LINCOLN had the keenest sense of humor, and always saw the laughable side even of disaster. In his humor there was logic and the best of sense. No matter how complicated the question, or how embarrassing the situation, his humor furnished an answer and a door of escape.
Vallandigham was a friend of the South, and did what he could to sow the seeds of failure. In his opinion everything, except rebellion, was unconstitutional.
He was arrested, convicted by a court martial, and sentenced to imprisonment.
There was doubt about the legality of the trial, and thousands in the North denounced the whole proceeding as tyrannical and infamous. At the same time millions demanded that Vallandigham should be punished.
Lincoln's humor came to the rescue. He disapproved of the findings of the court, changed the punishment, and ordered that Mr. Vallandigham should be sent to his friends in the South.
Those who regarded the act as unconstitutional almost forgave it for the sake of its humor.

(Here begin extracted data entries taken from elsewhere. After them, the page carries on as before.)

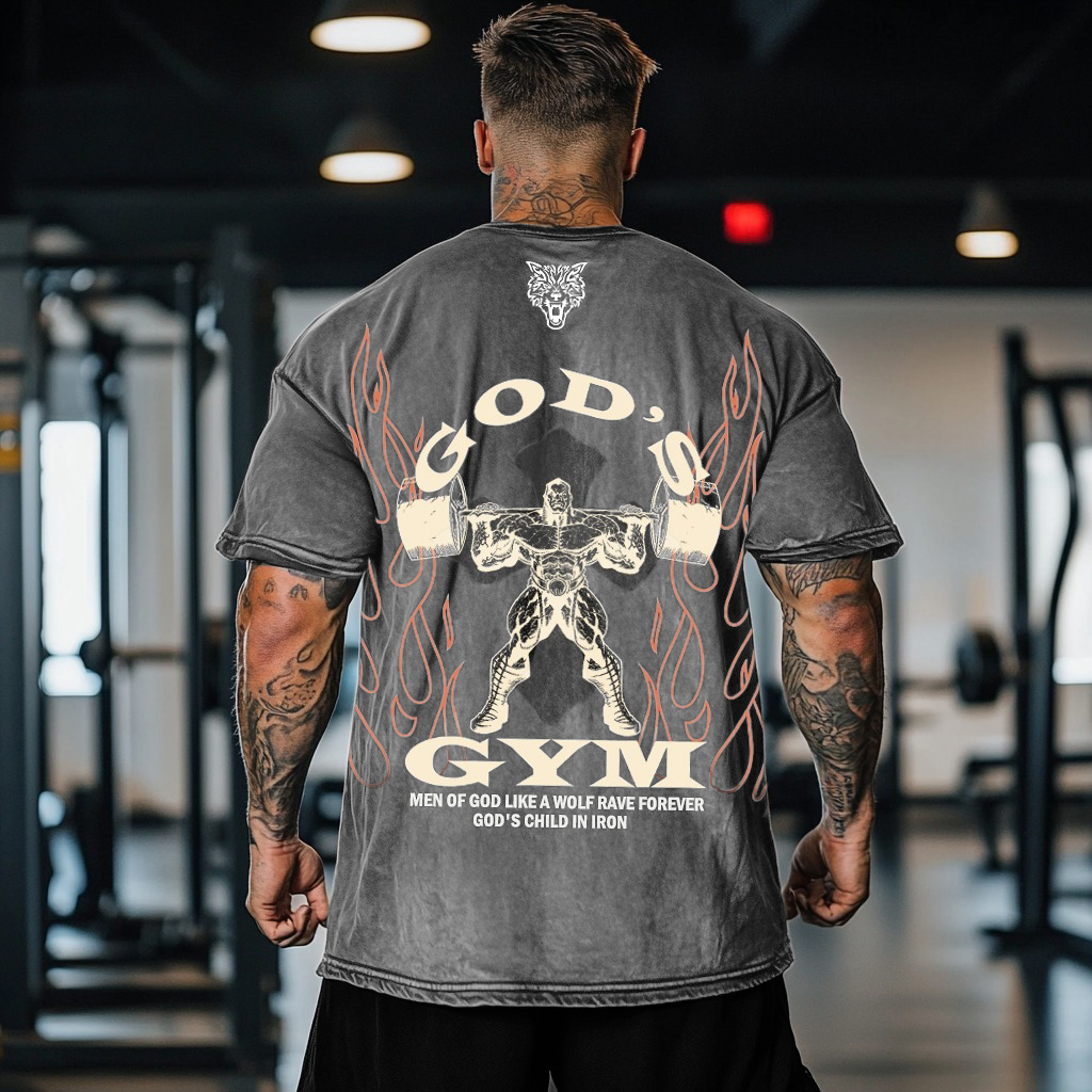 God's Gym Wolf Graphics Washed Cotton Gym T-shirt
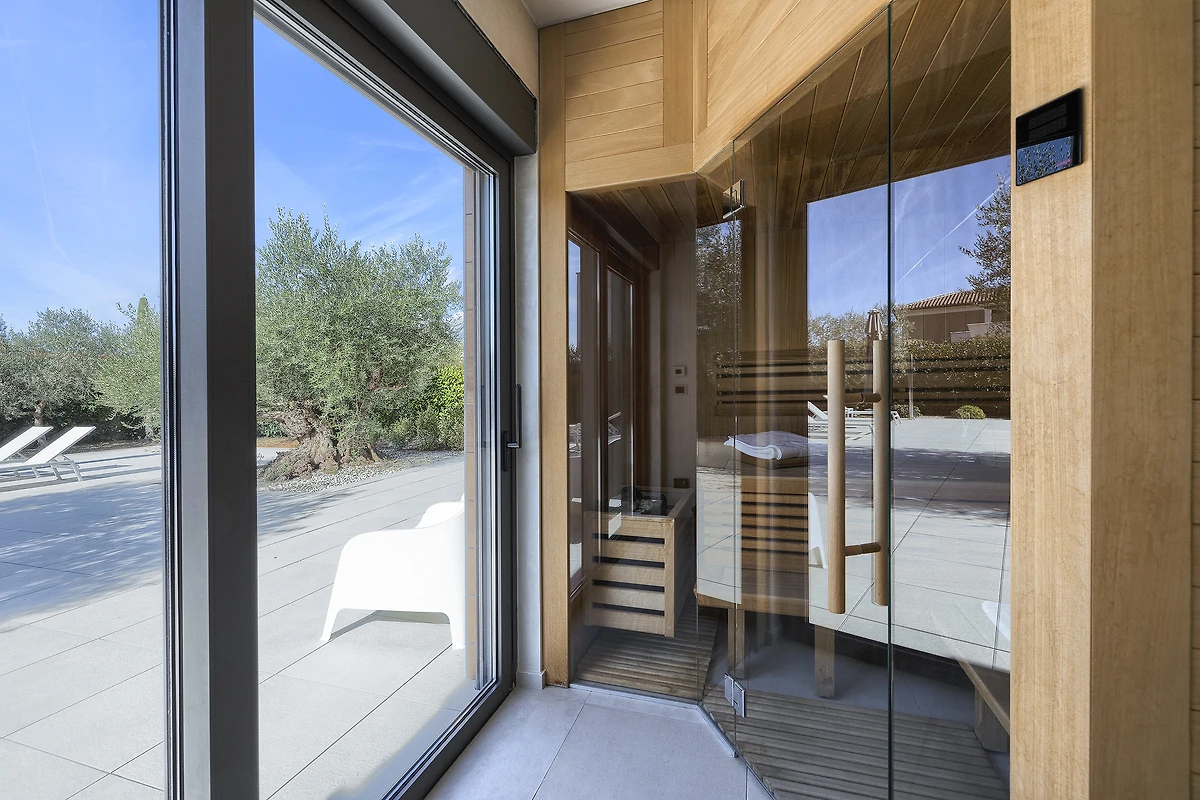 La proprietà ha uno spazio esterno confortevole e un interno moderno. Il clou è la grande piscina riscaldata (81 m²) situata sulla terrazza antistante la villa. Circondato da un giardino rigoglioso, lettini e piante mediterranee autoctone. Una sala da pranzo esterna con spazio per barbecue è perfetta per rilassarsi nel pomeriggio ascoltando i suoni della natura.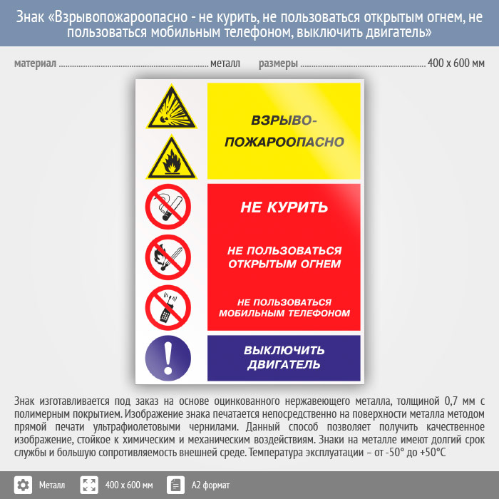 Знак «Взрывопожароопасно - не курить, не пользоваться открытым огнем, не пользоваться мобильным телефоном, выключить двигатель», КЗ-11 (металл, 400х600 мм) в Химках купить
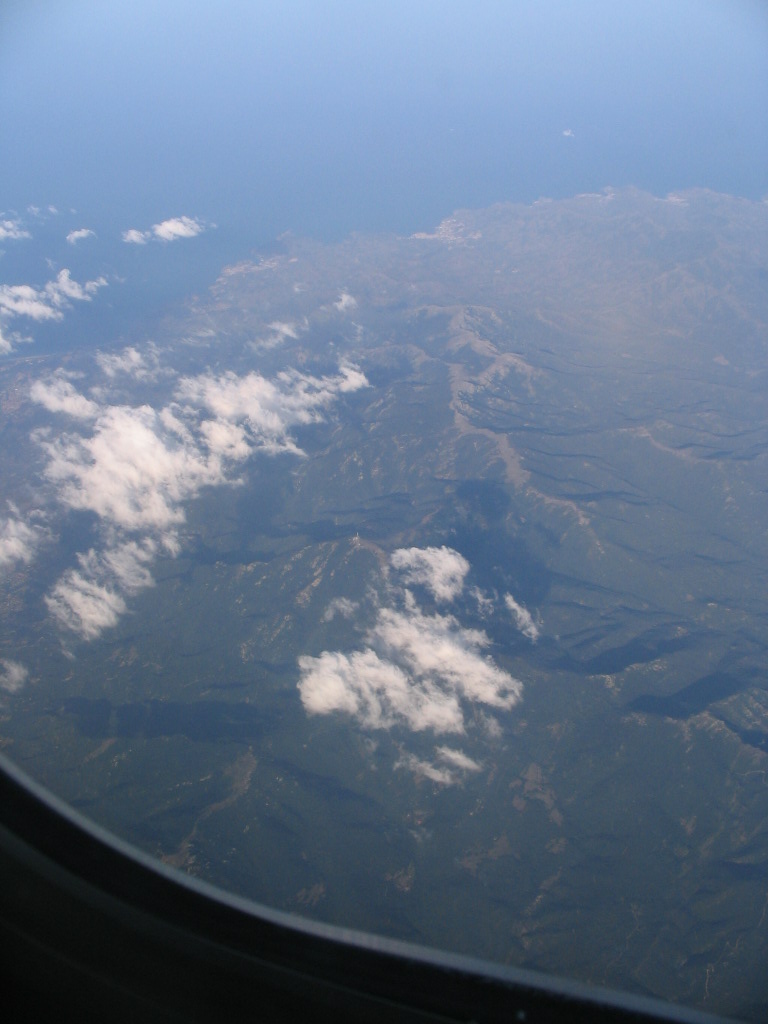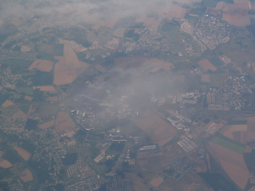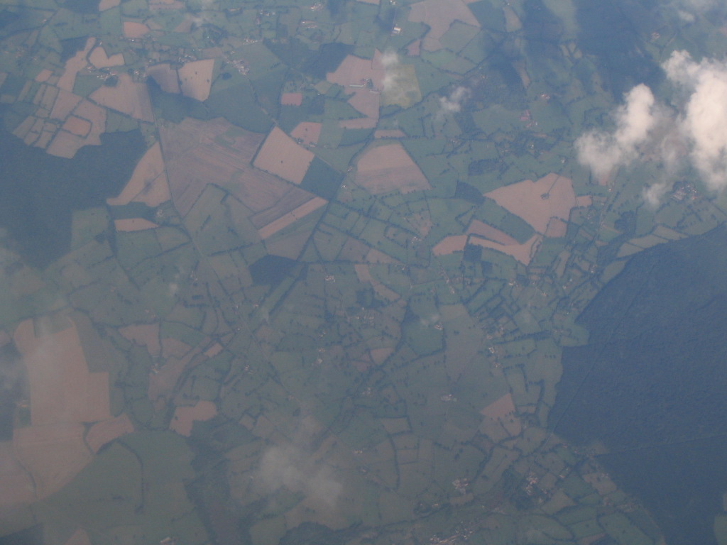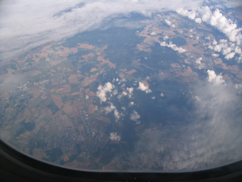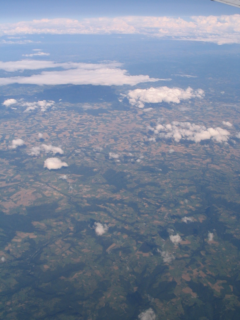 The same circle is still in view here, halfway up at far left. If I knew my French geography better, I might be able to identify it and that distinctive gridded settlement at lower left. Or at least I assume this is France, given that most of the flight occurred over it.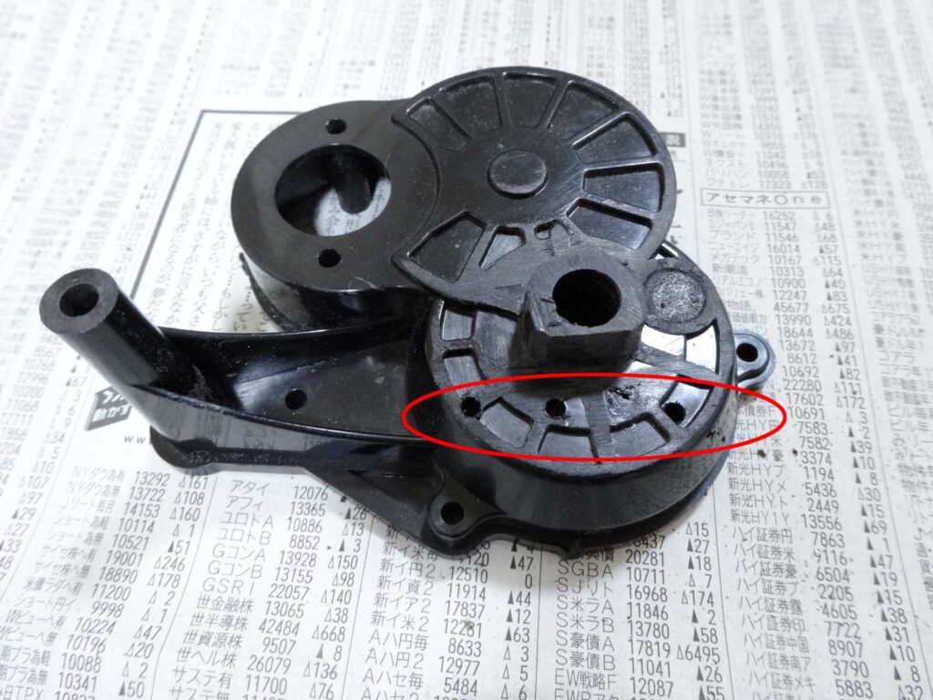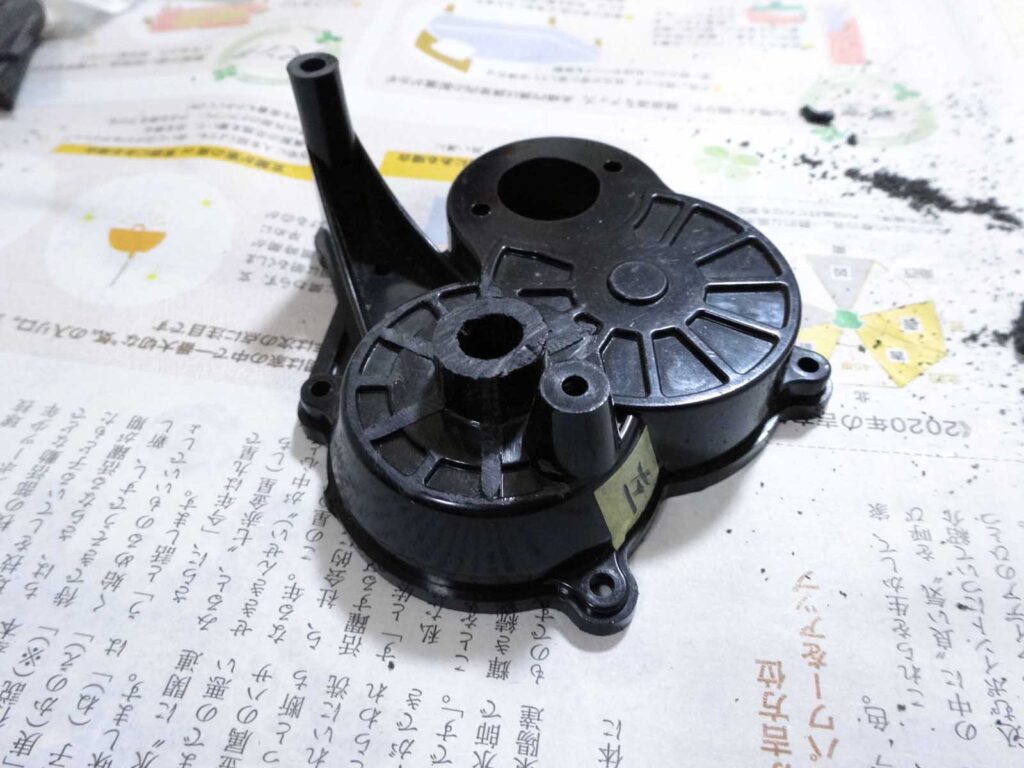 プラリペアで穴を埋める方法は、表からマスキングテープで穴を塞いでギヤボックスの内側からプラリペアを流すだけです。

Horace Greeley always had the idea that he was greatly superior to Lincoln, because he lived in a larger town, and for a long time insisted that the people of the North and the people of the South desired peace. He took it upon himself to lecture Lincoln. Lincoln, with that wonderful sense of humor, united with shrewdness and profound wisdom, told Greeley that, if the South really wanted peace, he (Lincoln) desired the same thing, and was doing all he could to bring it about. Greeley insisted that a commissioner should be appointed, with authority to negotiate with the representatives of the Confederacy. This was Lincoln's opportunity. He authorized Greeley to act as such commissioner. The great editor felt that he was caught. For a time he hesitated, but finally went, and found that the Southern commissioners were willing to take into consideration any offers of peace that Lincoln might make, consistent with the independence of the Confederacy.
The failure of Greeley was humiliating, and the position in which he was left, absurd.
Again the humor of Lincoln had triumphed.